__Information shown__:
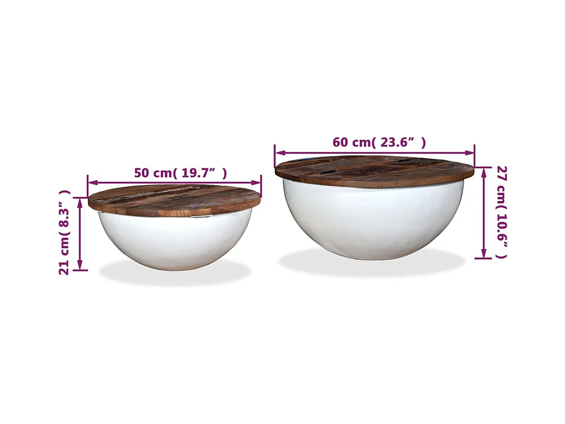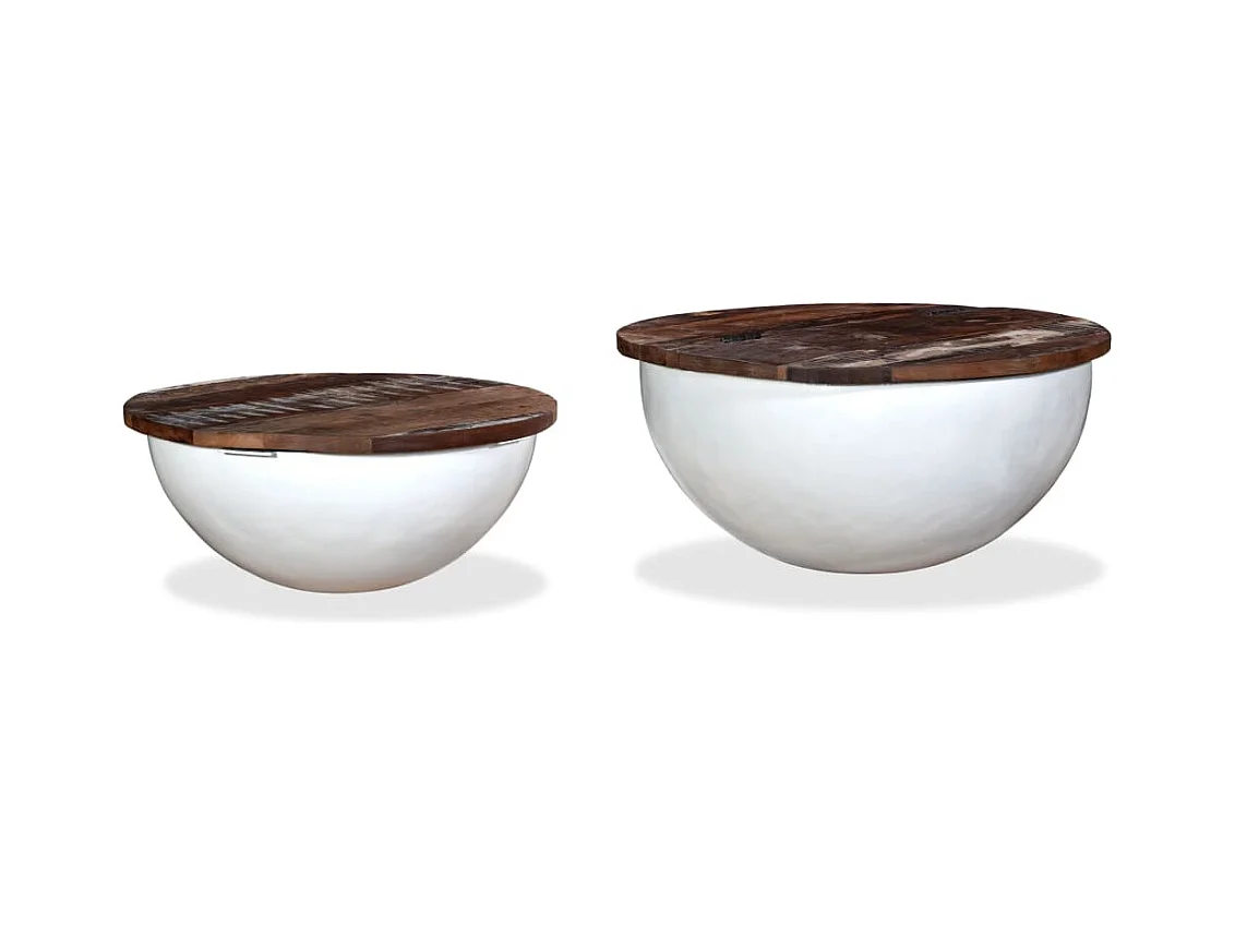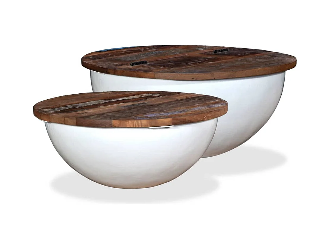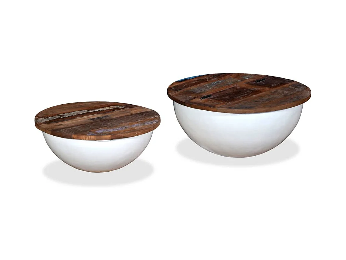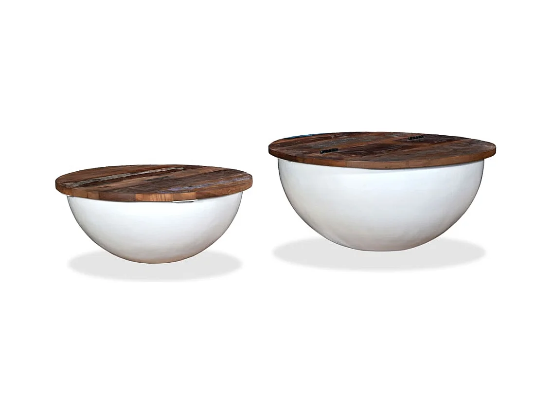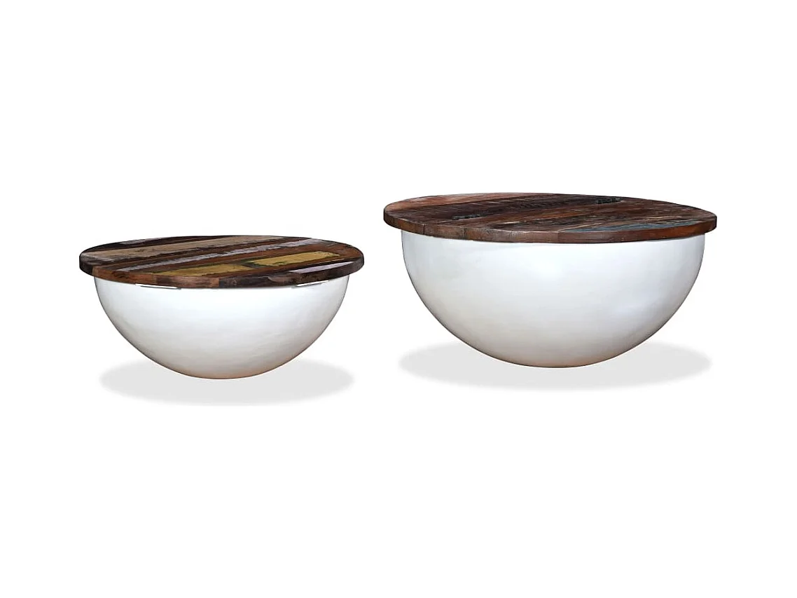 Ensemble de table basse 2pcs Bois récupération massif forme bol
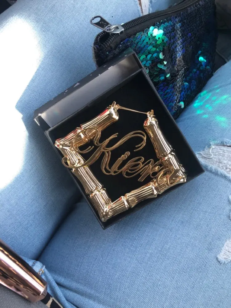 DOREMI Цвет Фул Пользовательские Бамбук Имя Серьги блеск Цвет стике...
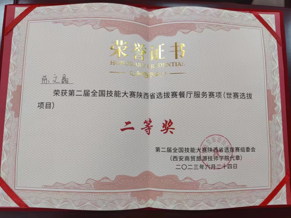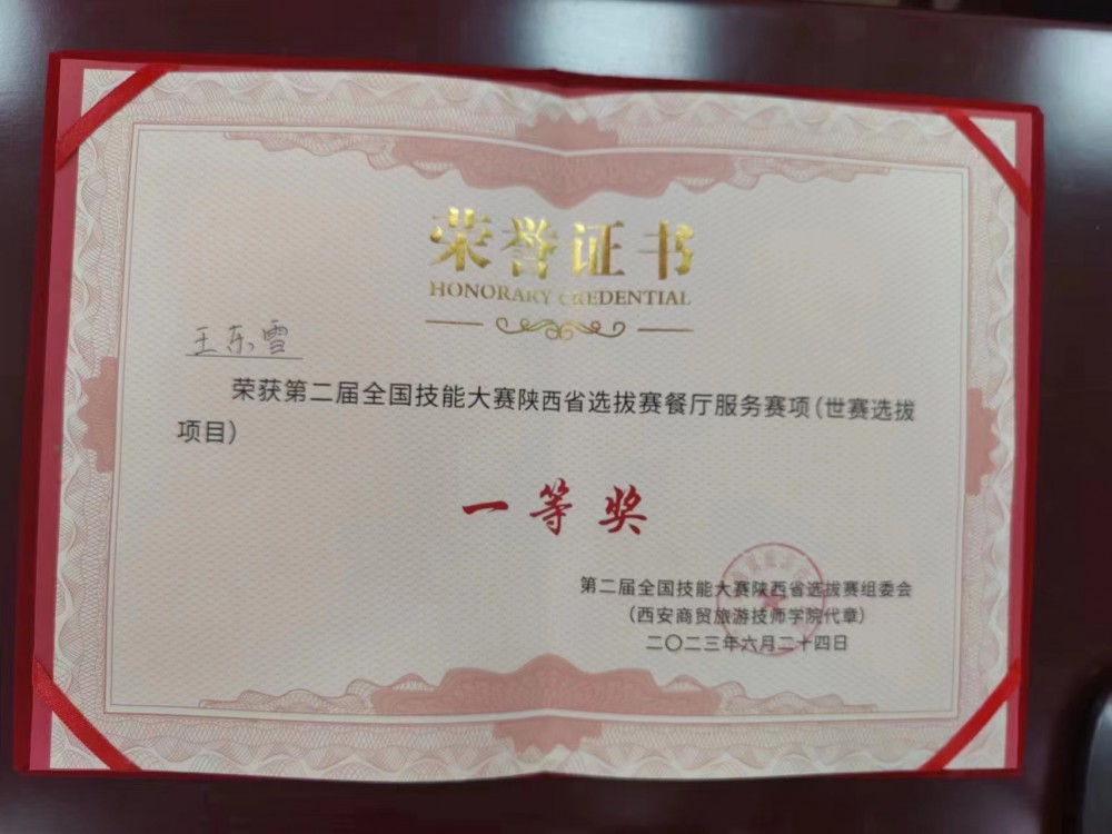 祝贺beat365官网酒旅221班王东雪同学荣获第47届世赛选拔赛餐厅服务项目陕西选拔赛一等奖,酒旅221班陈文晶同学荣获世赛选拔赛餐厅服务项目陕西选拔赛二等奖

__Activity__:
The answer must be the full listing, restated word for word, with no pictures in it.

__Solution to this exercise__:
 Ensemble de table basse 2pcs Bois récupération massif forme bol
 DOREMI Цвет Фул Пользовательские Бамбук Имя Серьги блеск Цвет стике...
 祝贺beat365官网酒旅221班王东雪同学荣获第47届世赛选拔赛餐厅服务项目陕西选拔赛一等奖,酒旅221班陈文晶同学荣获世赛选拔赛餐厅服务项目陕西选拔赛二等奖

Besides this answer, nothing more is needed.